GIVEN INFORMATION
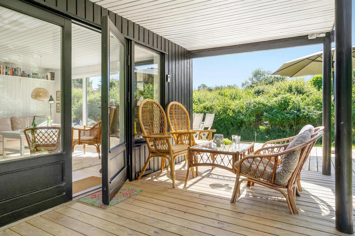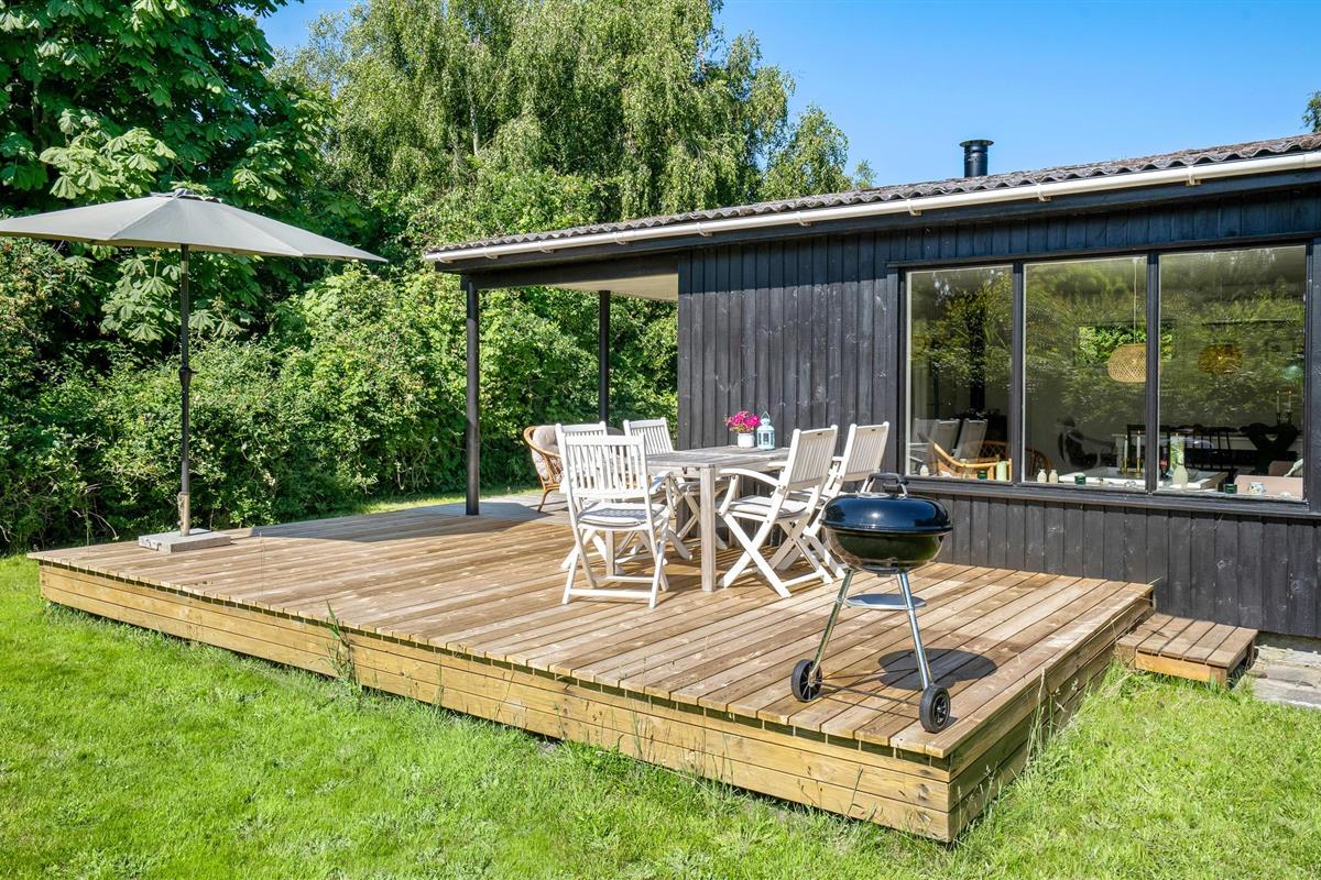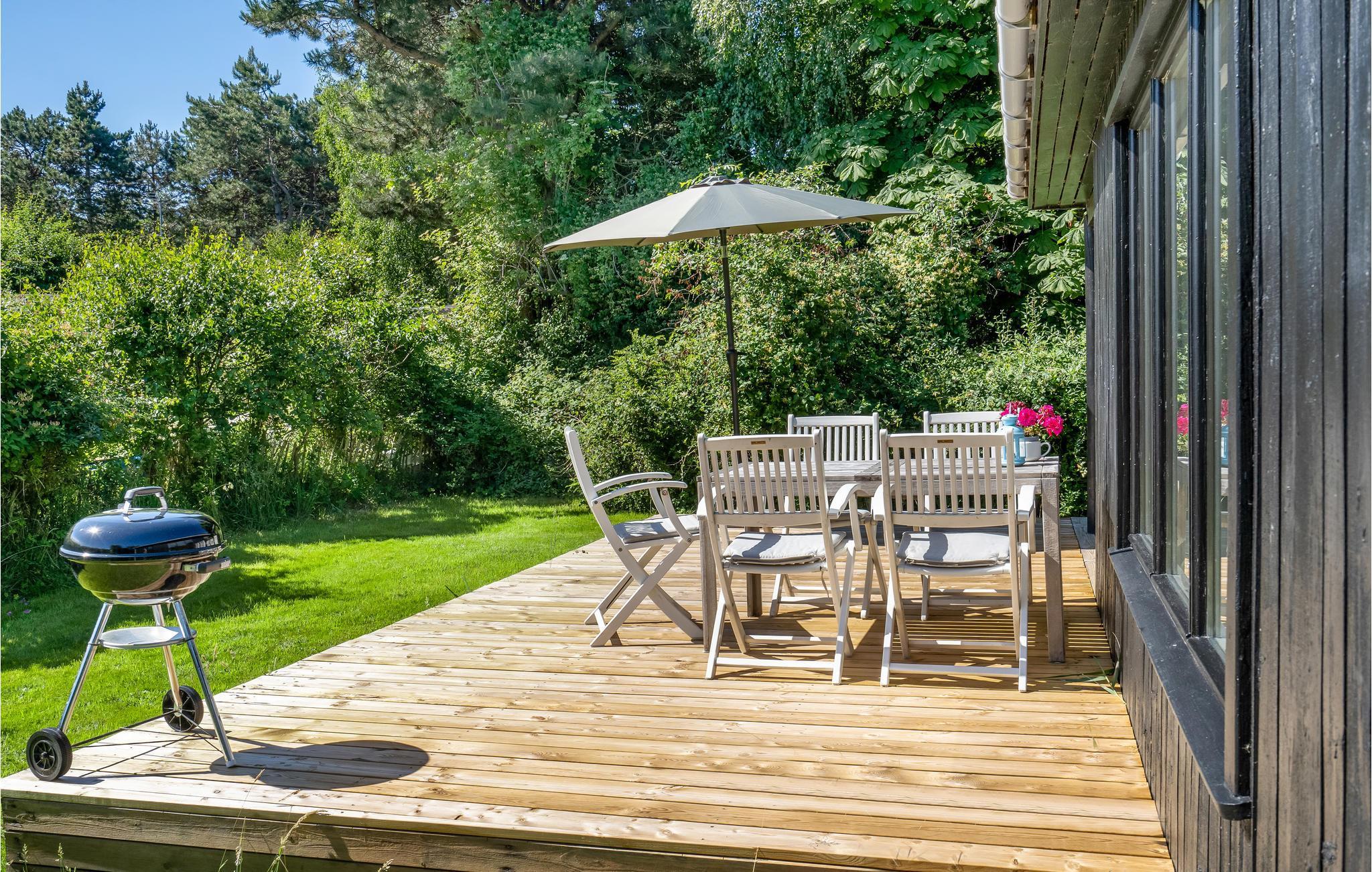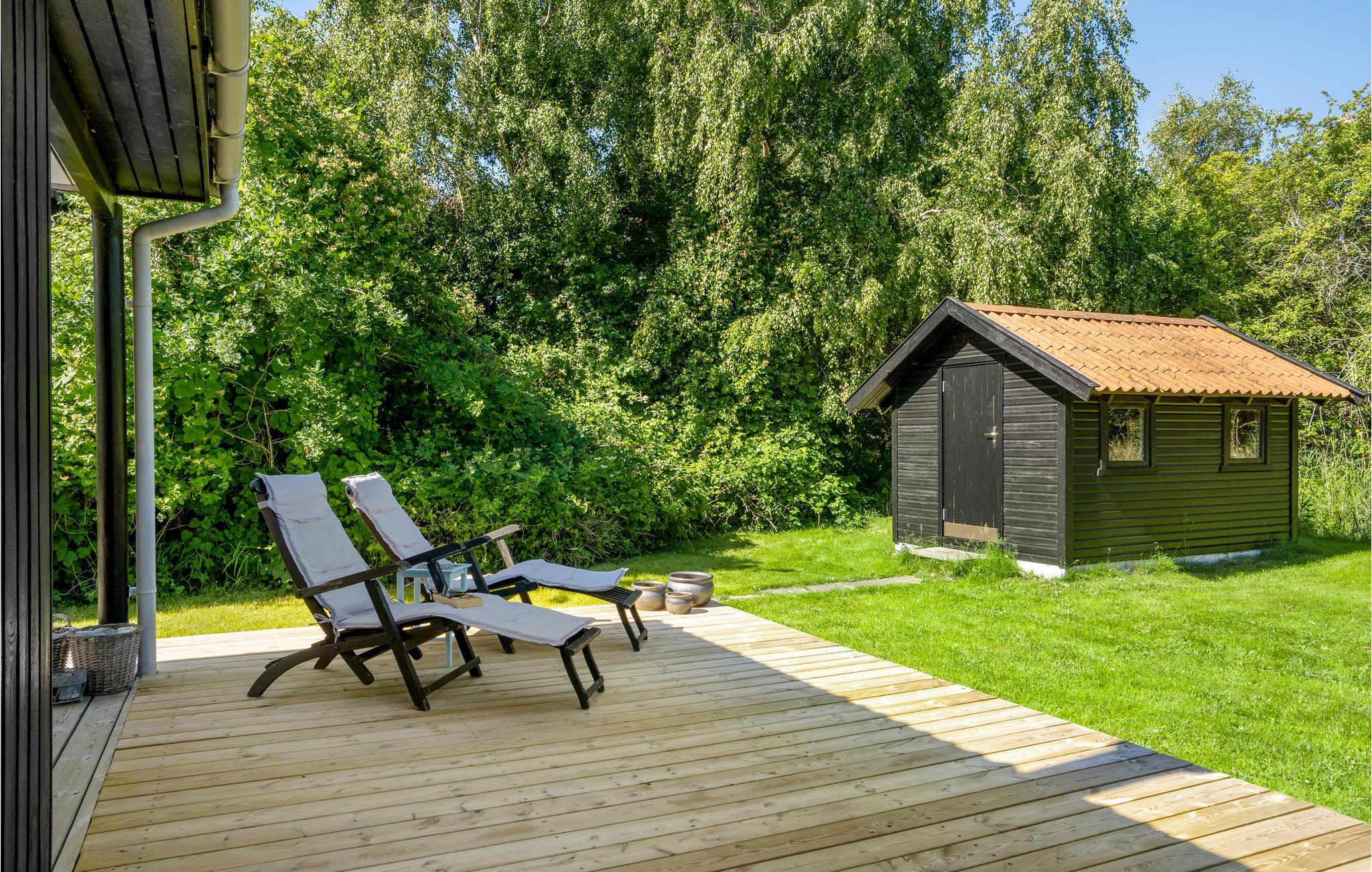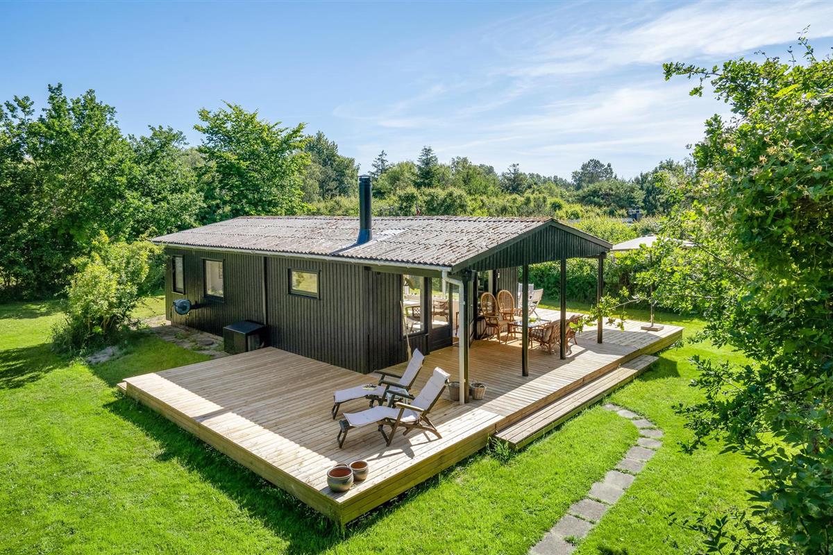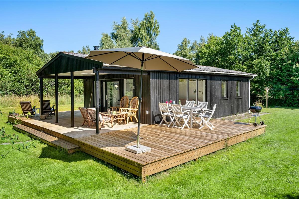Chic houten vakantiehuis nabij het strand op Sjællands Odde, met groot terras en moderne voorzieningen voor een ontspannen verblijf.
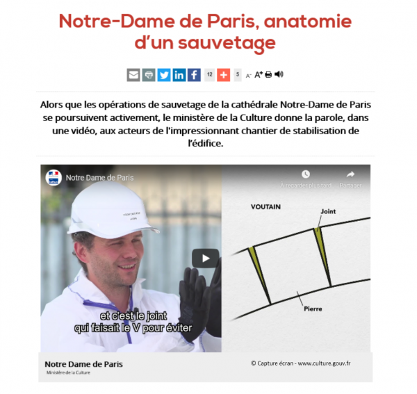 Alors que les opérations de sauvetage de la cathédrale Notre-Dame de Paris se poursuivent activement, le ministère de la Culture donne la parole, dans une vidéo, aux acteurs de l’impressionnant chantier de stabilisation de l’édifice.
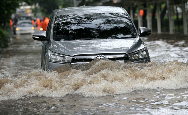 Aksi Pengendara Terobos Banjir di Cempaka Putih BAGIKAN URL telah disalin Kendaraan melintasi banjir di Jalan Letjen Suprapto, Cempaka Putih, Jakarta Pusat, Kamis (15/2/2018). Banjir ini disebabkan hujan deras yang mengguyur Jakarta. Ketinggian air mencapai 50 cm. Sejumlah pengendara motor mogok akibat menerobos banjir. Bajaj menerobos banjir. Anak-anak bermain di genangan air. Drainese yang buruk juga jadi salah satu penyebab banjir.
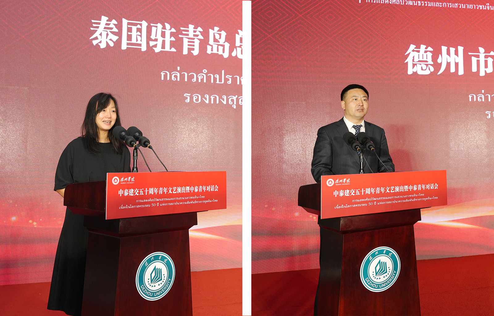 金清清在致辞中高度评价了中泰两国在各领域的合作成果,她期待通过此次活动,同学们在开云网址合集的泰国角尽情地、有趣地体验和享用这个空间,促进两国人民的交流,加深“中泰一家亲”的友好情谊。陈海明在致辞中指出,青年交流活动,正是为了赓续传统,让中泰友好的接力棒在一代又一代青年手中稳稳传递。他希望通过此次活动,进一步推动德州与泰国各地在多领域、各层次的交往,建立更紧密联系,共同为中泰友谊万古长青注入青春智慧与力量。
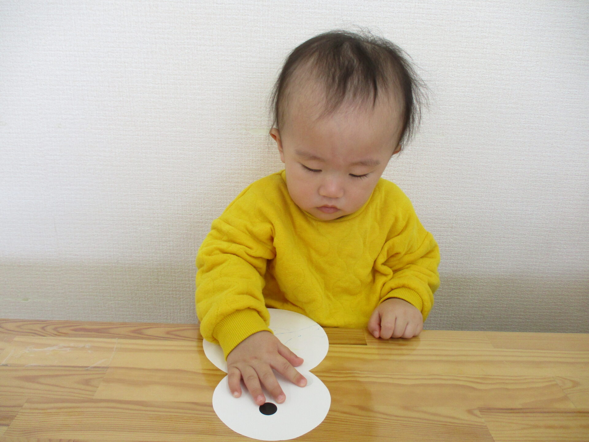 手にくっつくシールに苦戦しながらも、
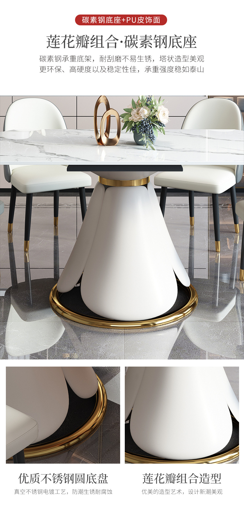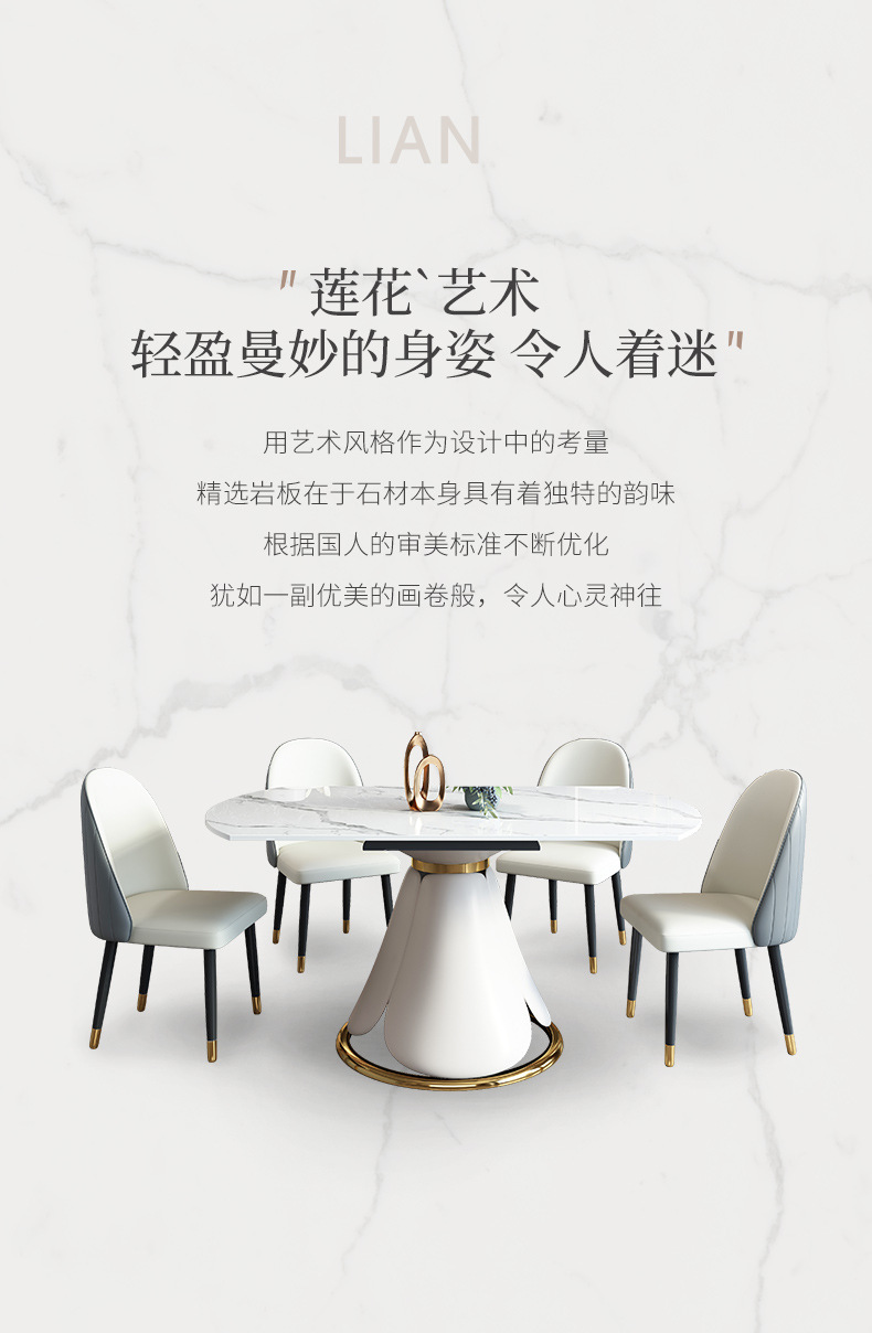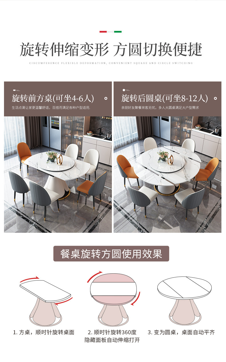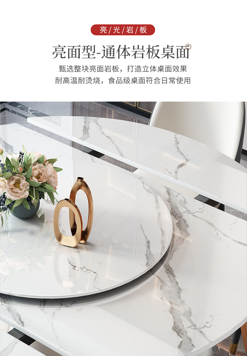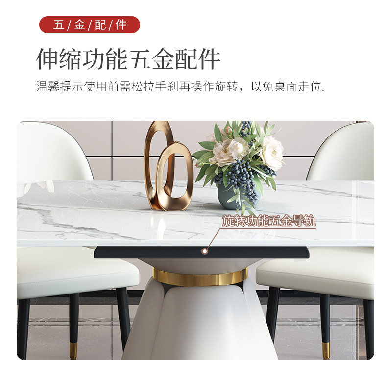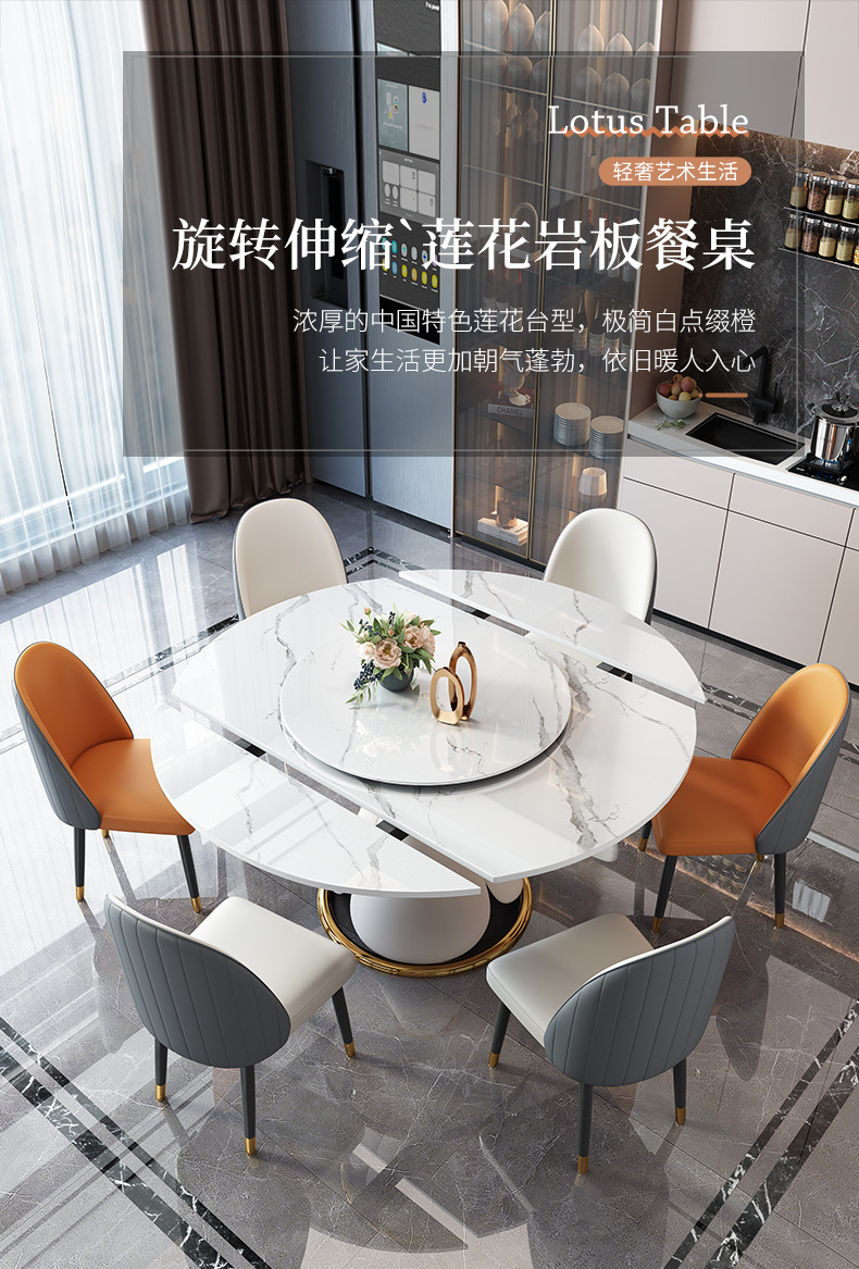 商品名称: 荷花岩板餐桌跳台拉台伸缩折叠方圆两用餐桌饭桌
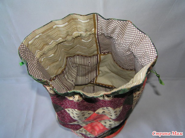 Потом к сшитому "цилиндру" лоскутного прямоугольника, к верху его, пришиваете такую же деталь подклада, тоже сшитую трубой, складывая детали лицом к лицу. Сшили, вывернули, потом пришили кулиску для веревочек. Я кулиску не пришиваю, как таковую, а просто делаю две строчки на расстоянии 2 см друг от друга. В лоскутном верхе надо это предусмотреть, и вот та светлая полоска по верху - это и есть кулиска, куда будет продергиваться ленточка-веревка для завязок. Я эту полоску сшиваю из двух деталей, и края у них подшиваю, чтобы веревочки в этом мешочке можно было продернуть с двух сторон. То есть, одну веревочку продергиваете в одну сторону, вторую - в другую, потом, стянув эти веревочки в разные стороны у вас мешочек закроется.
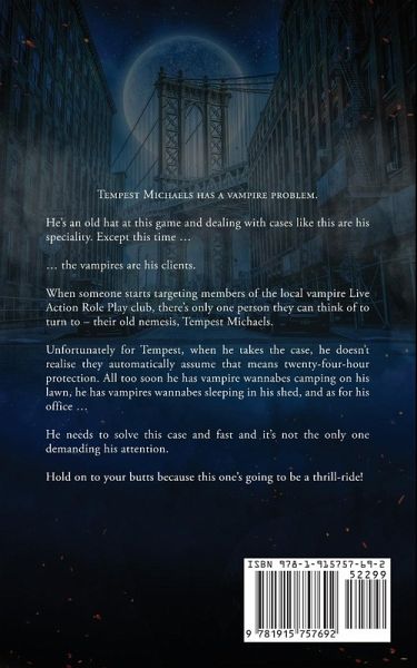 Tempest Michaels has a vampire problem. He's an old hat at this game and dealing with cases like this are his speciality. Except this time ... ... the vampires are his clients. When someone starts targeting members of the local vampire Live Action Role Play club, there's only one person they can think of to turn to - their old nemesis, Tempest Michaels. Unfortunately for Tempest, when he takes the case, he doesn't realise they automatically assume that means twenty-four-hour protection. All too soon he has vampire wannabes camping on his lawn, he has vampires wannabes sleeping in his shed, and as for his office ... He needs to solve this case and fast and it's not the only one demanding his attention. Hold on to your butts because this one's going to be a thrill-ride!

TASK TO CARRY OUT
Output only the lines above from the one containing "手にくっつくシールに苦戦しながらも、" to the one containing "商品名称: 荷花岩板餐桌跳台拉台伸缩折叠方圆两用餐桌饭桌", both included, exactly as written and with no pictures.

ANSWER BOX
 手にくっつくシールに苦戦しながらも、
 商品名称: 荷花岩板餐桌跳台拉台伸缩折叠方圆两用餐桌饭桌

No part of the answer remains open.